Edwin posed an interesting question related to my latest picture, why do I use flash for shooting sunsets.

For the first 5 minutes of the sunset, I set my digital camera to Auto Flash mode, which inevitably fires the flash whether there is anything to be brightened in the foreground or not. This mode results in darker colors, which I then lighten back in Photoshop. The reason to use Auto mode is that the exposure time is fast, I can hold the camera in my hands - shoot above people's heads, or 5 inches from the ground, or standing in the ocean, etc... I can shoot freer and more comfortably as I run around locations. I actually hate that cheesy flash, it gives close things a greenish tint and a lot of grain, so I often compose the image by avoiding nearby objects.

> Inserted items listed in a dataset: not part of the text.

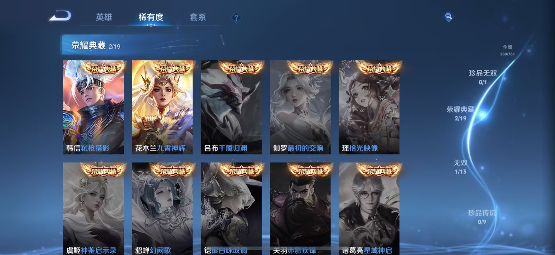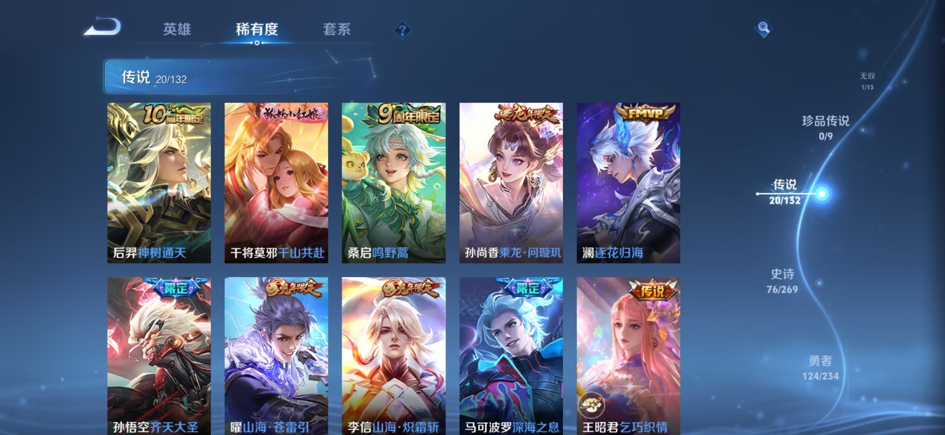 126英雄-280皮肤-[]v8 2典藏 1无双 20传说 126英雄 280皮肤 可修改实名 男号 【英雄全皮】李信全皮孙权全皮 【稀有英雄】大司命嬴政始皇帝韩信韩跳跳夏洛特夏师傅艾琳橘右京橘子娜可露露鸟人不知火舞赵云金蝉唐僧戈娅 【荣耀水晶】九霄神辉木兰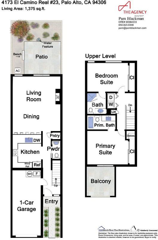 Beautiful updates and abundant natural light highlight this townhome at the rear of the desirable Camino Place community. The skylit open-concept living area, with granite-finished kitchen and counter seating, connects to a private garden patio for outdoor enjoyment. Two upstairs bedroom suites, one with sunny balcony, each have an ensuite bath, plus a half-bath serves the main level. Additional amenities include a laundry closet, attached one-car garage, central air conditioning, and a community pool and spa. Perfectly located in the heart of Silicon Valley and minutes to Stanford University, this is an excellent option for starting out, moving up, or downsizing with access to renowned Palo Alto schools.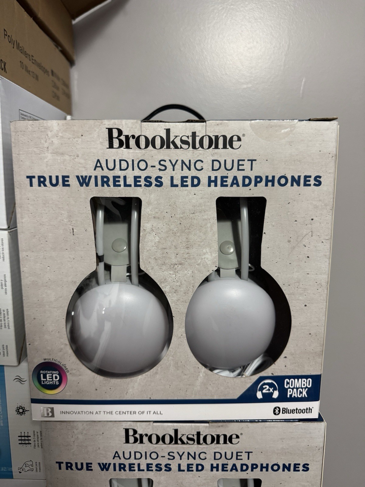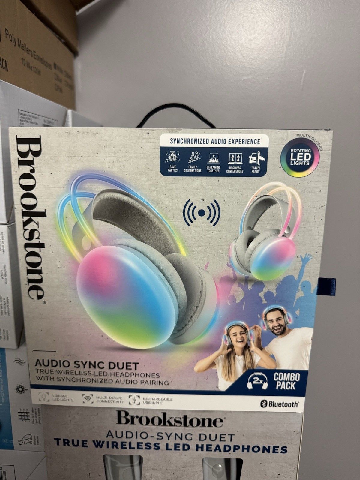 как выглядит Brookstone Audio Sync Duet 2-Pack Wireless Bluetooth Headphones Multicolored LED фото

After the first five minutes I have to turn Auto mode off, because it's starting to make the sunset colors too dark and adding too much grain to be correctable. Then I switch to Supressed Flash mode and start using the clunky tripod. Et voila, no more grain.

It has nothing to do with whether flash is necessary or not, and everything to do with knowing your camera and playing it like an instrument. If you just shoot "by the book", you would never know e.g. that to take the best picture of of a water fountain with a mosaic bottom is the Reduce Red Eye flash mode, even though there is not a single eye in the picture.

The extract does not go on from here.